When describing connections between an LDS mission and military service, Romney said of her sons, who served misions, “I sent them away boys, and they came back men. And what the difference was, and I think this is where military service is so extraordinary, too, where you literally do something where you’re helping someone else, you’re going outside of yourself, and you’re working and helping others.”

Mitt Romney brought the discussion of their Mormon faith upon himself Thursday night at the charity dinner organized by the Archdiocese of New York. Because it is an election year, both the President and Romney were invited and given the opportunity to give a speech full of political humor.

Romney appeared to be a practiced comedian as he flew through several jokes without cracking a smile, including several one-liners about his Mormon faith.

"Of course this isn't a night for serious politics, and it was especially nice to see President Obama and Cardinal (Thomas M.) Dolan sharing the dais despite their differences," he said. "I'm sure the cardinal has no hard feelings, and we might get an indication of that during dinner to see if the president's wine turns into water."

But then Romney turned the matter toward his own religious beliefs in the Word of Wisdom by stating, "Or for that matter, whether my water turns into wine."

Romney continued on, but returned to his unique health choices.

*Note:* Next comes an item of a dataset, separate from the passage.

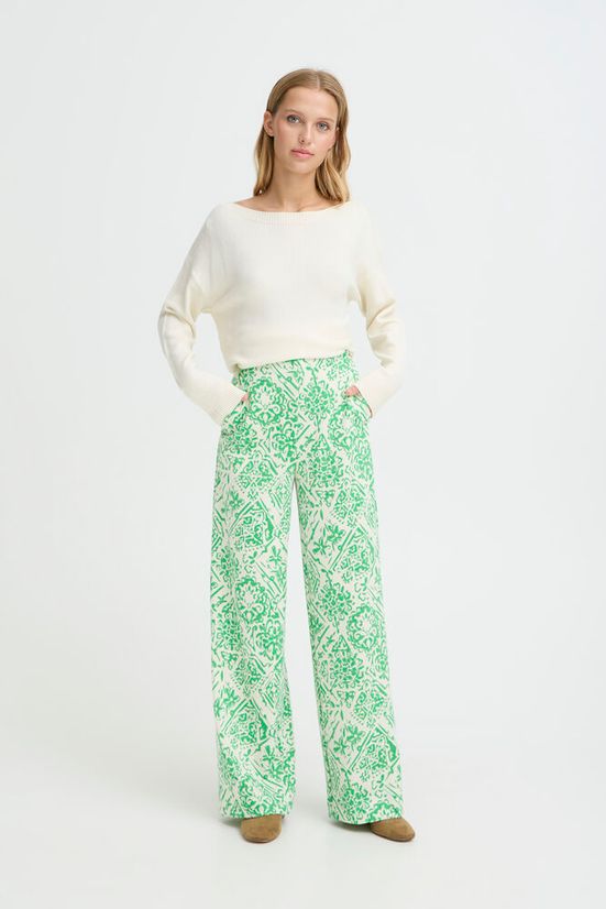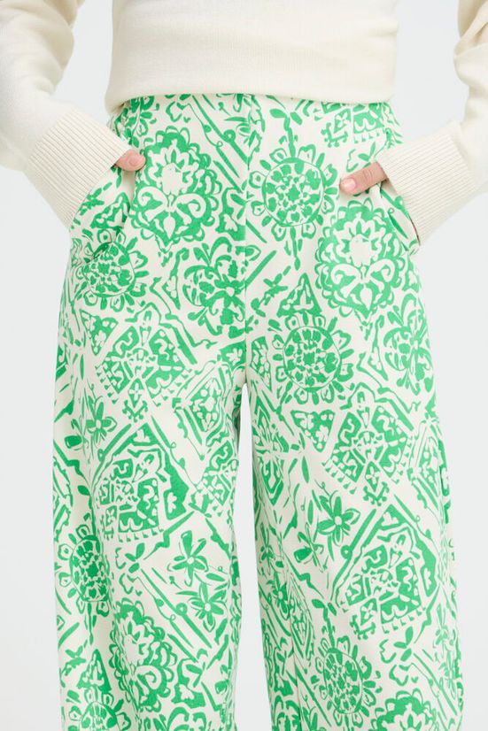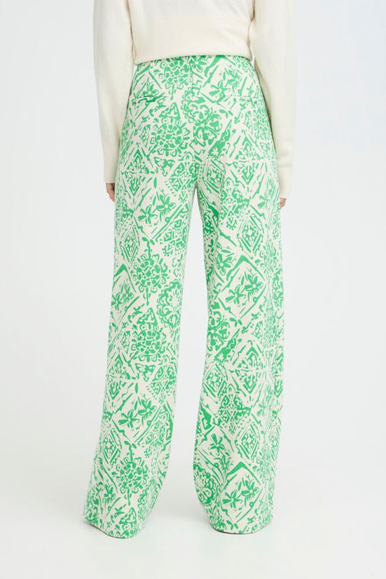 Pantalon large imprimé vert et écru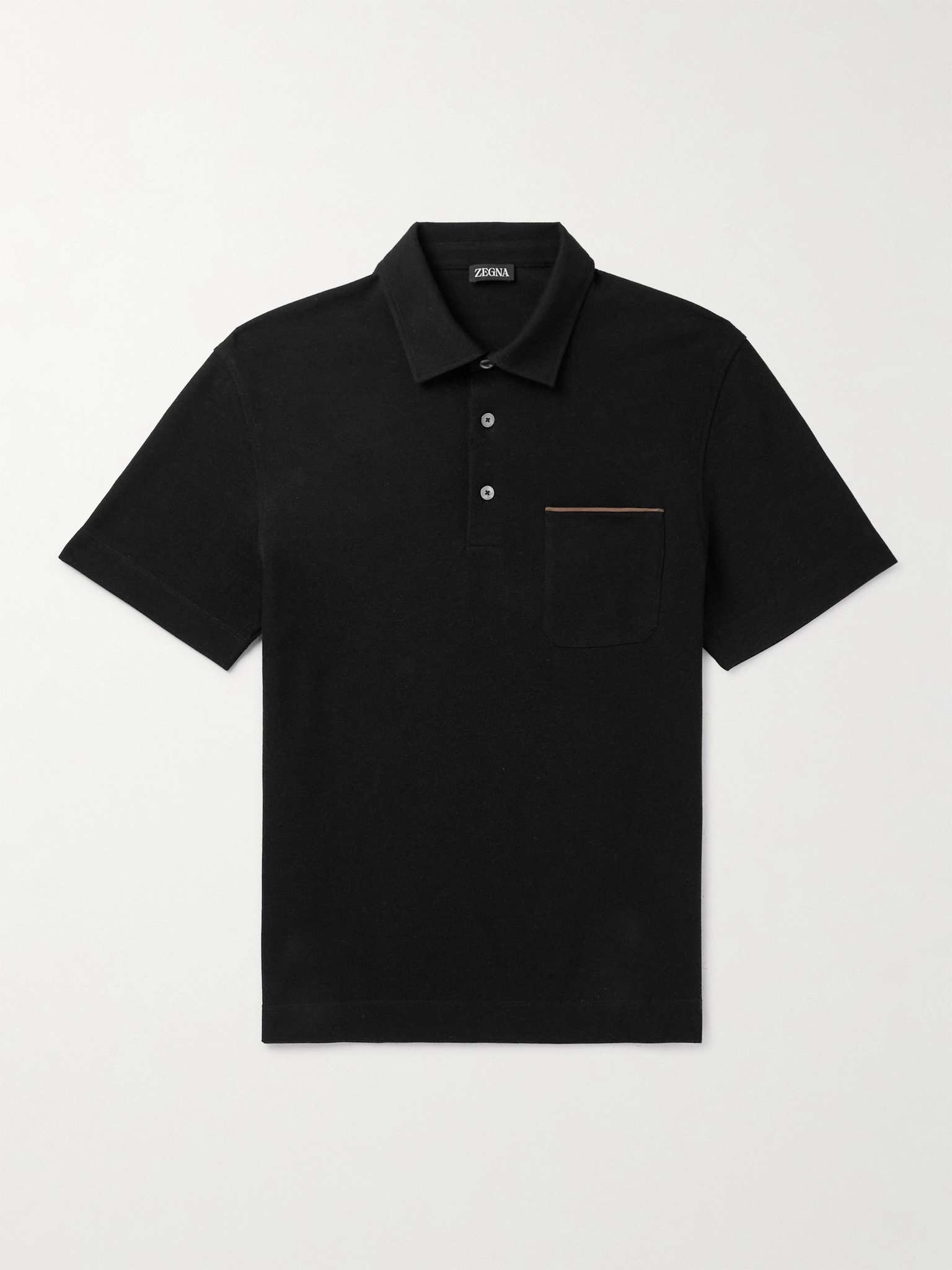ZEGNA's polo shirt is an elegant take on a casual staple. It's cut from cotton-piqué and detailed with a single patch pocket topped with a contrasting leather trim. The black hue will work well with almost anything. Size & Fit - Fits true to size. Take your normal size - Designed for a regular fit - Mid-weight, slightly stretchy fabric - Model is shown wearing an IT 48 - Model measures: chest 38"/ 96cm, height 6'1"/ 185cm Details & Care - Black cotton-piqué, brown leather (Calf) - Button fastenings - 100% cotton - Hand wash - Mother-of-pearl: Tahiti

"You know, with or without all the dignitaries that are here, the Al Smith dinner surely lives up to its billing," he said. "Usually when I get invited to gatherings like this, it's just to be the designated driver."

Romney once more referred to the LDS health code and his choice to refrain from alcohol.

"The debates are very exciting," he said. "Just the other night we had a very fun debate. Candy Crowley was there, and was happy to welcome us, but people seem to be very curious just as to how we prepare for the debates. Let me tell you what I do. First, refrain from alcohol for 65 years before the debate."

Romney finished up the night by pledging his devotion to this country and his respect for the president.

"Our president has had some very fine and gracious moments," he said. "Don't tell anyone I said so, but our 44th president has many gifts and a beautiful family that would make any man proud."

Sarah Sanders Petersen is an intern for Deseret News where she writes for Mormon Times and other feature articles. She is a Communications major and editing minor.